(Excerpts from a dataset)

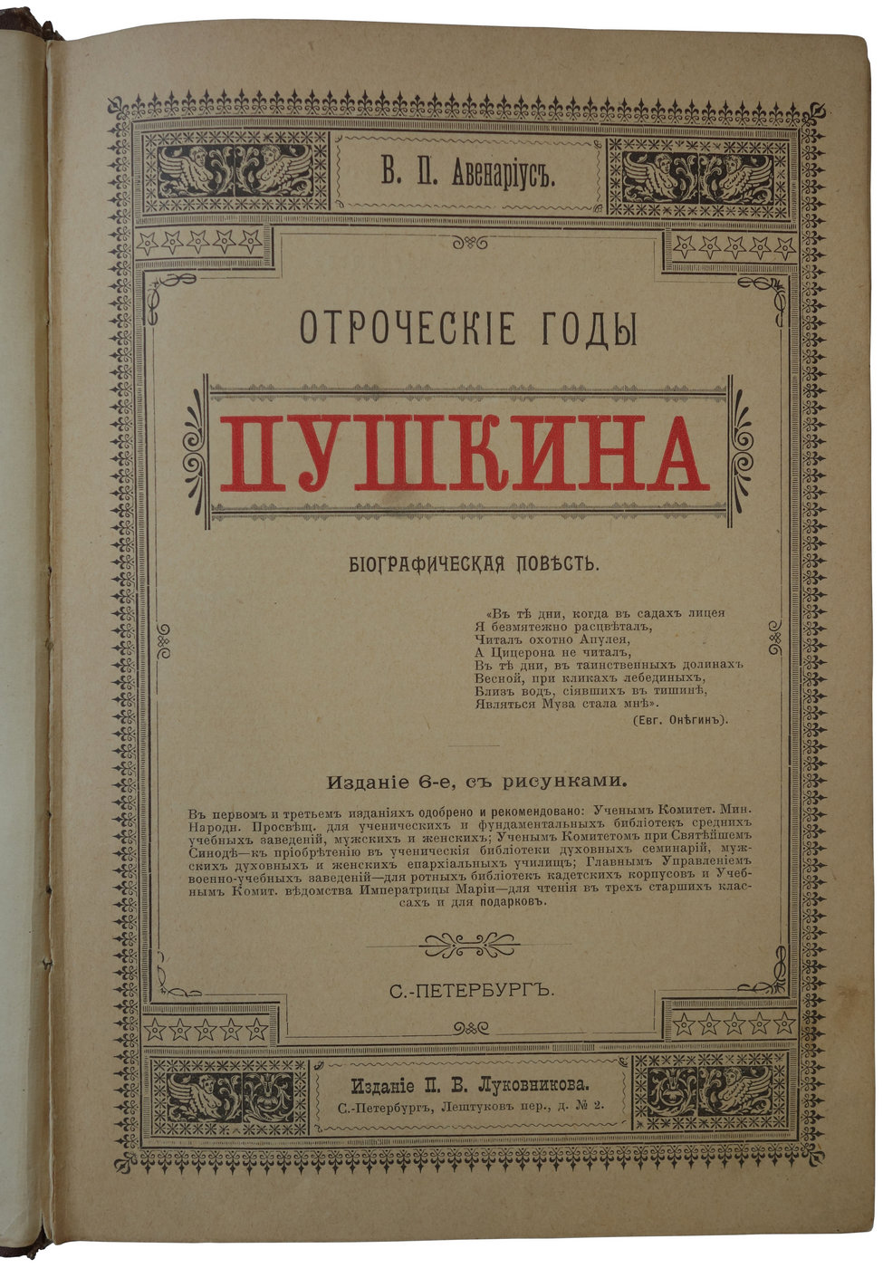 Серия очерков В. П. Авенариуса о различных этапах жизни русских классиков «Золотого века» является важным вкладом в русскую литературу. Одним из наиболее значимых произведений этой серии является книга «Отроческие годы Пушкина», в которой с большой живостью и детализацией описаны ранние годы великого русского поэта. Это произведение не только представляет интерес с точки зрения биографической литературы, но и позволяет глубже понять формирование личности и творческого потенциала Александра Сергеевича Пушкина.
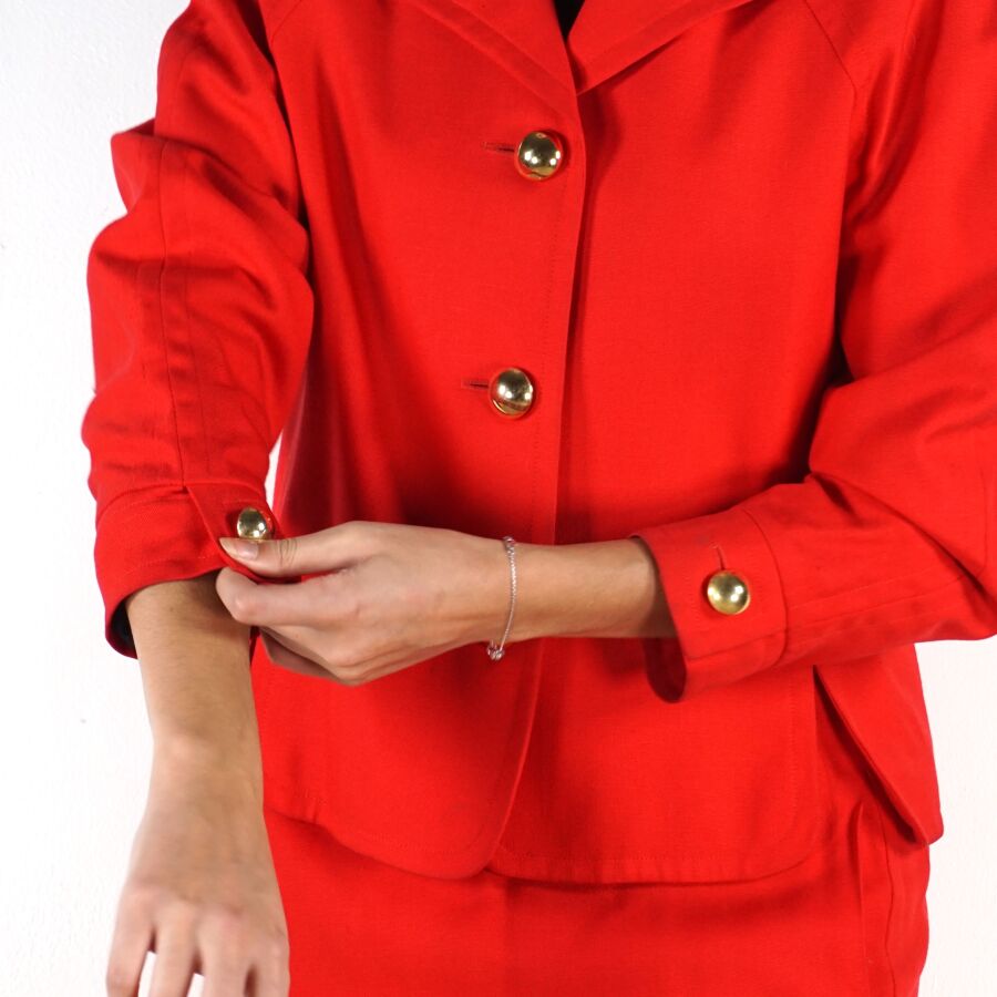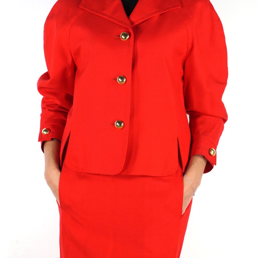 BALMAIN IVOIRE - PARIS : Tailleur en viscose rouge, comprenant une veste blazer, col tailleur, fermeture à l'avant par trois boutons dorés, manches longues terminant par un bouton doré, et sa jupe droite, fermeture à la taille par un crochet métallique et une fermeture zippée, deux poches latérales, étiquettes intérieures, taille indiquée 42, présenté avec son cintre logoté, H. Totale Veste : 62 cm. L. Jupe : 56.5 cm. Larg. Taille : 40/40.5 cm (élastique à la taille de la jupe détendu, petites traces notamment aux extrémités des manches).
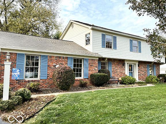 Outstanding opportunity to be in one of Carmel's favorite neighborhoods! Sitting on Brookshire's premier cul-de-sac, you'll fall in love with this beautifully updated home. Meticulously maintained with charm and quality around every corner: open bright rooms, inviting foyer, enhanced woodwork and custom details. Fabulous kitchen where dining room wall has been removed, includes custom maple cabinets, island, hardwoods. Cozy yet spacious family room features a gas fireplace and built-ins, opening to an impressive sunroom with vaulted ceiling. Nearly half acre lot has a mature trees, concrete patio, firepit, and beautiful perennial landscaping. All bathrooms updated! Bonus space in the finished basement and an abundance of storage. Move-in ready: 2022 HVAC, Pella windows, Hardieplank siding, 2014 roof. Dream location with the pool and golf clubhouse a 3-min walk away. Easy bike ride to Carmel schools, grocery, dining and shopping!
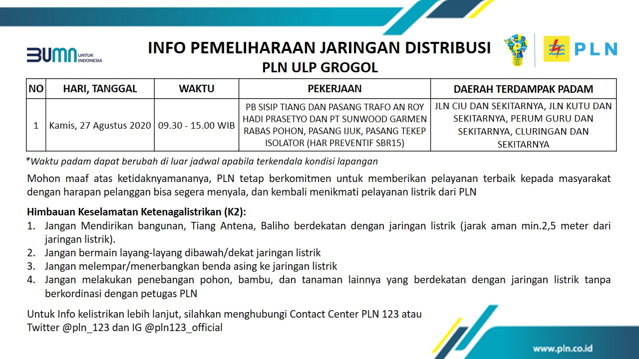 Info Pemeliharaan Jaringan Listrik PLN ULP Grogol Sukoharjo Kamis 27 Agustus 2020
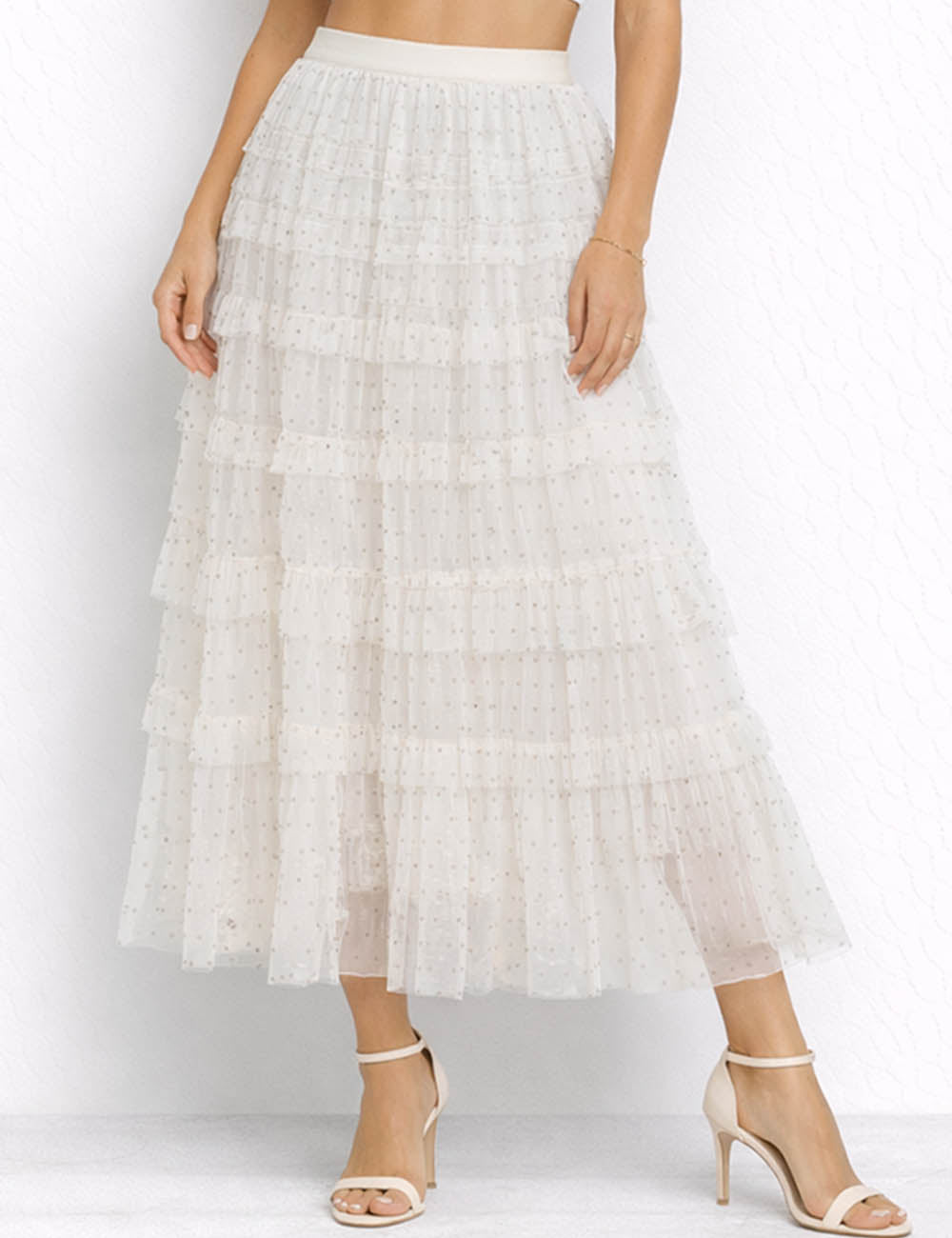 Ladies Elastic Waist Floral Print Mesh Tiered Hem Maxi Skirt

TASK GOAL –
Give the data again word for word, without images.

OUTPUT FOR THIS TASK –
 Серия очерков В. П. Авенариуса о различных этапах жизни русских классиков «Золотого века» является важным вкладом в русскую литературу. Одним из наиболее значимых произведений этой серии является книга «Отроческие годы Пушкина», в которой с большой живостью и детализацией описаны ранние годы великого русского поэта. Это произведение не только представляет интерес с точки зрения биографической литературы, но и позволяет глубже понять формирование личности и творческого потенциала Александра Сергеевича Пушкина.
 BALMAIN IVOIRE - PARIS : Tailleur en viscose rouge, comprenant une veste blazer, col tailleur, fermeture à l'avant par trois boutons dorés, manches longues terminant par un bouton doré, et sa jupe droite, fermeture à la taille par un crochet métallique et une fermeture zippée, deux poches latérales, étiquettes intérieures, taille indiquée 42, présenté avec son cintre logoté, H. Totale Veste : 62 cm. L. Jupe : 56.5 cm. Larg. Taille : 40/40.5 cm (élastique à la taille de la jupe détendu, petites traces notamment aux extrémités des manches).
 Outstanding opportunity to be in one of Carmel's favorite neighborhoods! Sitting on Brookshire's premier cul-de-sac, you'll fall in love with this beautifully updated home. Meticulously maintained with charm and quality around every corner: open bright rooms, inviting foyer, enhanced woodwork and custom details. Fabulous kitchen where dining room wall has been removed, includes custom maple cabinets, island, hardwoods. Cozy yet spacious family room features a gas fireplace and built-ins, opening to an impressive sunroom with vaulted ceiling. Nearly half acre lot has a mature trees, concrete patio, firepit, and beautiful perennial landscaping. All bathrooms updated! Bonus space in the finished basement and an abundance of storage. Move-in ready: 2022 HVAC, Pella windows, Hardieplank siding, 2014 roof. Dream location with the pool and golf clubhouse a 3-min walk away. Easy bike ride to Carmel schools, grocery, dining and shopping!
 Info Pemeliharaan Jaringan Listrik PLN ULP Grogol Sukoharjo Kamis 27 Agustus 2020
 Ladies Elastic Waist Floral Print Mesh Tiered Hem Maxi Skirt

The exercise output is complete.